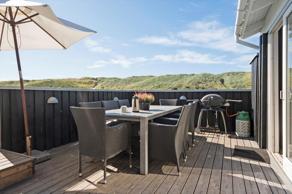 Sommerhusets beliggenhed i første klitrække giver dig nem adgang til strandlivet, og du kan hurtigt tage turen over klitterne for at nyde en forfriskende dukkert i Vesterhavet eller en gåtur langs vandkanten. Den lille private strandplet er en særlig perle, hvor du kan lægge håndklædet og nyde roen. På terrassen er der god plads til at nyde lange måltider under åben himmel, og hvis du har en god bog med, er det oplagt at finde et roligt hjørne og lade tankerne flyde frit, mens du lytter til naturens lyde omkring dig. På terrassen er der også et hyggeligt hjørne med udebruser og udespa, hvor du kan nyde den fantastisk udsigt til klitterne.
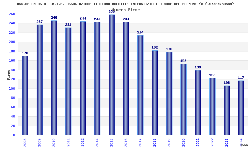 | Anno | Firme | Importi | Media | Naz. | Reg. | Prov. | Comu. |
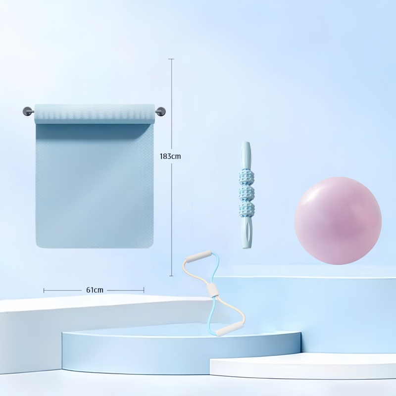 材质:瑜伽垫:TPE 按摩棒:ABS 瑜伽球:PVC 25CM 拉力绳:PE 30磅 规格:瑜伽垫:183*61*6cm 按摩棒:33cm 组合形式:(瑜伽垫按摩棒瑜伽球拉力绳)
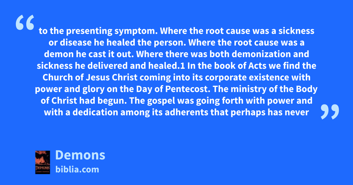 to the presenting symptom. Where the root cause was a sickness or disease he healed the person. Where the root cause was a demon he cast it out. Where there was both demonization and sickness he delivered and healed.1 In the book of Acts we find the Church of Jesus Christ coming into its corporate existence with power and glory on the Day of Pentecost. The ministry of the Body of Christ had begun. The gospel was going forth with power and with a dedication among its adherents that perhaps has never
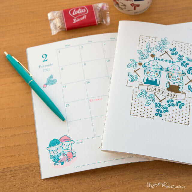 こちらの手帳のメインキャラクターは、うしの「モウ」と「ウフ」。モウとウフが繰り出す菜園での生活が描かれ、毎月旬の野菜や果物を収穫する姿を楽しめます。
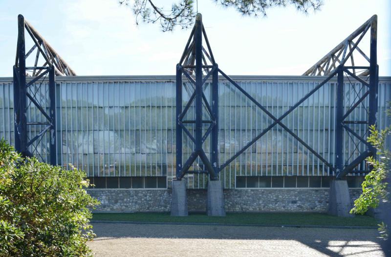 - Coperture: Maglia reticolare in acciaio per l’edificio espositivo; Travi reticolari triangolari, copertura in lamiera per l’edificio per servizi sociali
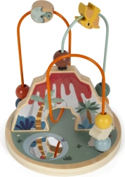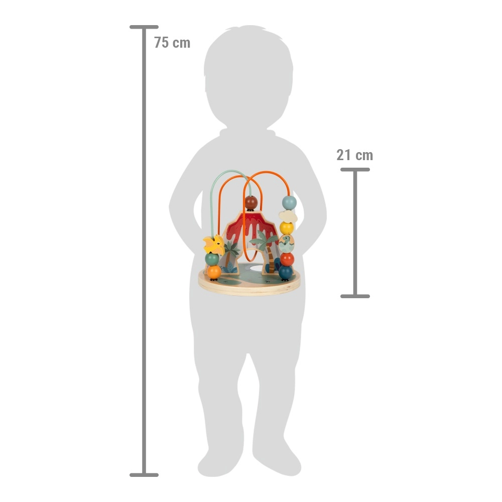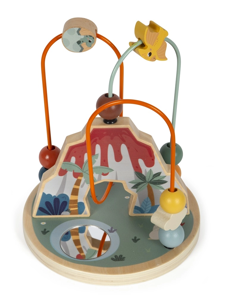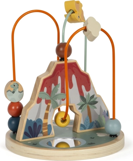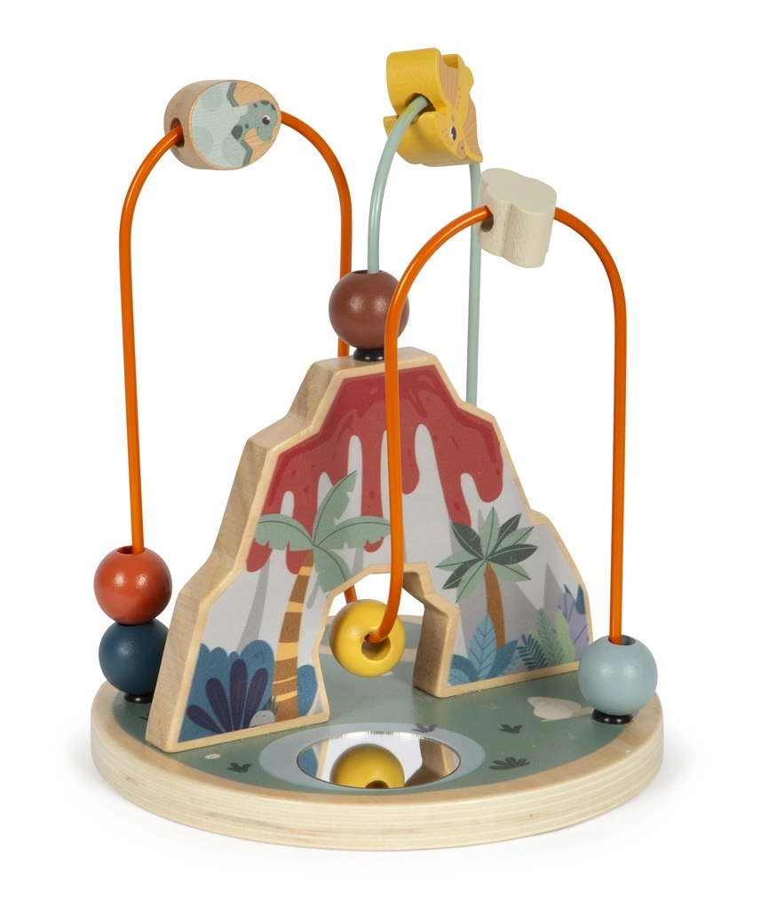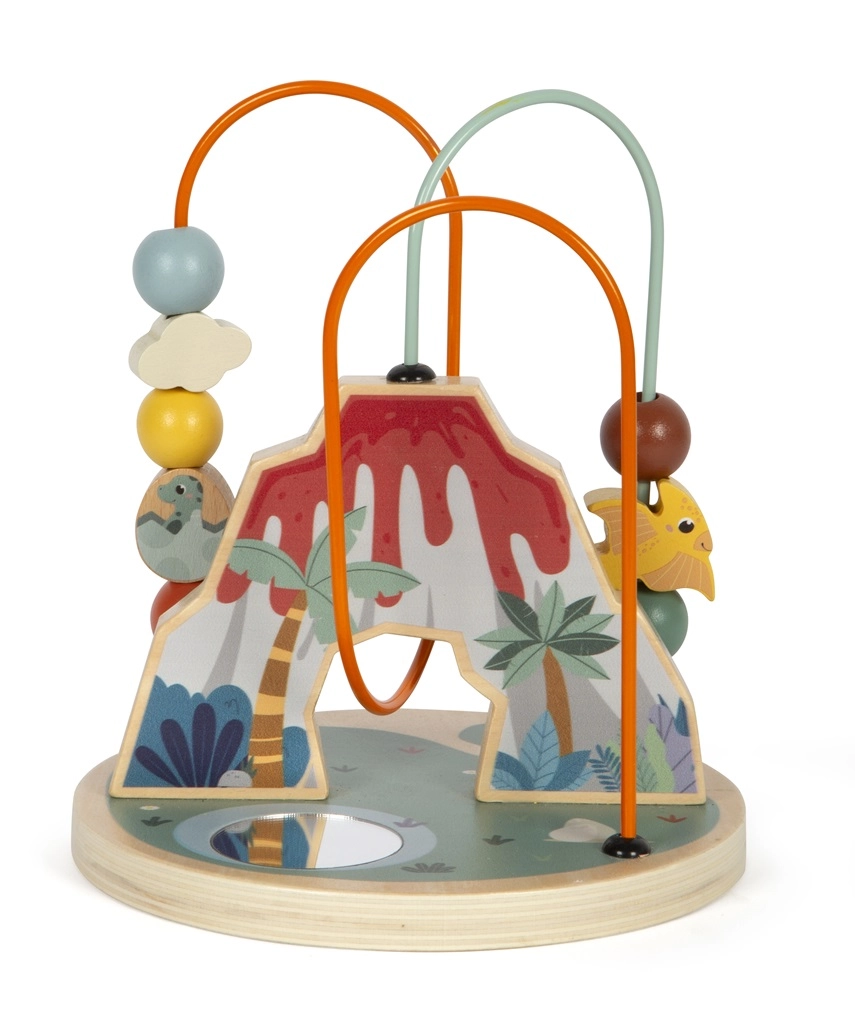 Šis karoliukų labirintas su dinozaurų motyvu yra idealiai tinkamas vaikų raidai. Moko rankos ir akies koordinacijos bei skatina kūrybiškumą, o išskirtinis ugnikalnio motyvas patraukia dėmesį. Žaislas turi dvi spalvotas kilpas su įvairiais karoliukais ir centrinį veidrodėlį pagrinde, kad viską būtų galima pamatyti iš kito kampo.
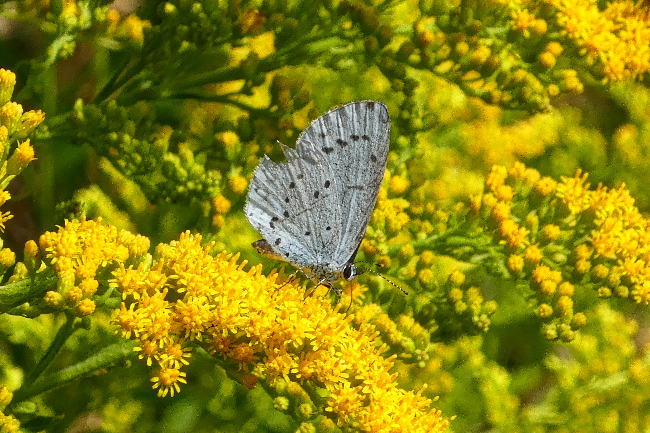 Faulbaumbläuling (Celastrina argiolus (Linnaeus, 1758)), ,Hartmannsdorf bei Chemnitz, Steinbruchgelände am Bahnhof, Juli 2019
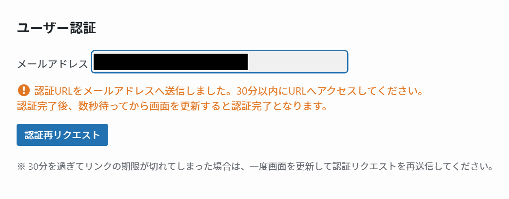 - 「認証リクエストを送信」ボタンをクリックしても何も画面が変わらずにメールが届かないという現象でしたら、数日〜1週間ほどで自然と解決する場合が多いようです。しばらく期間を空けて再度お試しください。

▶ **What to produce**:
Copy the data verbatim, skipping any image it holds.

▶ **Response**:
 Sommerhusets beliggenhed i første klitrække giver dig nem adgang til strandlivet, og du kan hurtigt tage turen over klitterne for at nyde en forfriskende dukkert i Vesterhavet eller en gåtur langs vandkanten. Den lille private strandplet er en særlig perle, hvor du kan lægge håndklædet og nyde roen. På terrassen er der god plads til at nyde lange måltider under åben himmel, og hvis du har en god bog med, er det oplagt at finde et roligt hjørne og lade tankerne flyde frit, mens du lytter til naturens lyde omkring dig. På terrassen er der også et hyggeligt hjørne med udebruser og udespa, hvor du kan nyde den fantastisk udsigt til klitterne.
 | Anno | Firme | Importi | Media | Naz. | Reg. | Prov. | Comu. |
 材质:瑜伽垫:TPE 按摩棒:ABS 瑜伽球:PVC 25CM 拉力绳:PE 30磅 规格:瑜伽垫:183*61*6cm 按摩棒:33cm 组合形式:(瑜伽垫按摩棒瑜伽球拉力绳)
 to the presenting symptom. Where the root cause was a sickness or disease he healed the person. Where the root cause was a demon he cast it out. Where there was both demonization and sickness he delivered and healed.1 In the book of Acts we find the Church of Jesus Christ coming into its corporate existence with power and glory on the Day of Pentecost. The ministry of the Body of Christ had begun. The gospel was going forth with power and with a dedication among its adherents that perhaps has never
 こちらの手帳のメインキャラクターは、うしの「モウ」と「ウフ」。モウとウフが繰り出す菜園での生活が描かれ、毎月旬の野菜や果物を収穫する姿を楽しめます。
 - Coperture: Maglia reticolare in acciaio per l’edificio espositivo; Travi reticolari triangolari, copertura in lamiera per l’edificio per servizi sociali
 Šis karoliukų labirintas su dinozaurų motyvu yra idealiai tinkamas vaikų raidai. Moko rankos ir akies koordinacijos bei skatina kūrybiškumą, o išskirtinis ugnikalnio motyvas patraukia dėmesį. Žaislas turi dvi spalvotas kilpas su įvairiais karoliukais ir centrinį veidrodėlį pagrinde, kad viską būtų galima pamatyti iš kito kampo.
 Faulbaumbläuling (Celastrina argiolus (Linnaeus, 1758)), ,Hartmannsdorf bei Chemnitz, Steinbruchgelände am Bahnhof, Juli 2019
 - 「認証リクエストを送信」ボタンをクリックしても何も画面が変わらずにメールが届かないという現象でしたら、数日〜1週間ほどで自然と解決する場合が多いようです。しばらく期間を空けて再度お試しください。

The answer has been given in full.